Tonight, NBC debuts Windfall, a drama about a group of friends and strangers whose lives change after they split a $386 million winning lottery ticket. It’s an interesting premise–marriages are threatened, families feud, claims are challenged–and though it’s a little tepid and slow I might review it at more length in the regular season. Here, I’ll give it my more-or-less standard summer review: go ahead and watch if you’ve already seen tonight’s Without a Trace. Or not. Either way, don’t expect it to be around long: despite the networks’ pledges that they now "program year round," debuting a drama after four straight reruns of My Name Is Earl is not exactly a vote of confidence going into the fall.

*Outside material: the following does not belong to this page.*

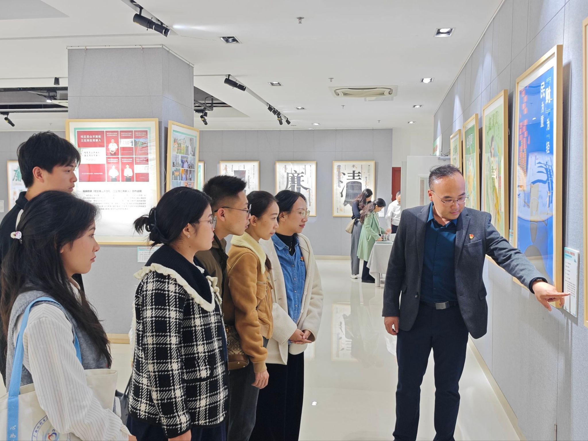 [本网讯]12月23日下午,为推进清廉学校建设走深走实,强化师生廉洁修身、廉洁从教的思想自觉,土木建筑工程学院党总支书记梁中超带队,组织师生代表赴广西艺术学院相思湖校区图书馆五楼,参观“廉洁润初心 铸魂担使命”广西高校廉洁教育主题作品展,以沉浸式廉洁文化熏陶筑牢师生思想防线。

Windfall may be worth watching, though, as an example of something we’re going to see a lot more next season: the relationship drama on steroids. There was a time when the broadcast networks made dramas about the relationships of more or less ordinary-for-TV people in more or less ordinary-for-TV circumstances: thirtysomething, Relativity, Felicity, and so on. The twin successes of reality TV and CSI scared the networks off serial dramas that didn’t involve people eating bugs or being eaten by bugs. Now they’ve returned–thanks largely to the success of Desperate Housewives, Gray’s Anatomy and Lost–but with a twist. If you want to do a show about the relationships and dynamics among a group of adults, there needs to be a lottery jackpot. Or a murder mystery. Or a bomb in the operating room. Or a plane crash, a monster, and some kind of quasi-sci-fi international conspiracy. The one exception in primetime is J. J. Abrams’ sweet, low-key What About Brian on ABC, but one suspects that the low-rated show stayed on air partly to mollify the creator of the much more successful Lost.
I’ve started getting pilots of next fall’s shows, and there’s a lot of this coming up. ABC’s The Nine, in which nine strangers bond after being taken hostage in a bank robbery. NBC’s Heroes, where a bunch of disparate strangers from around the world discover they have superpowers. (One, in another Lost-ism, is Japanese and speaks in subtitled dialogue.) ABC’s Six Degrees (also from Abrams), in which six New York strangers are unknowingly mystically connected in a chain of relationships. It’s Hostagesomething, Supersomething, KevinBaconsomething.
All these premises are more interesting, anyway, than yet another guy solving crime through a microscope. But pulling off interesting drama from seemingly random events requires outstanding writing, character-drawing and chutzpah, as Lost proves (as does the lackluster Windfall, by negative example). It’s nice, anyway, to see the networks taking a chance on Lotto-ticket shows like these: most may not pay off, but if they hit, they could hit big. And you gotta play to win.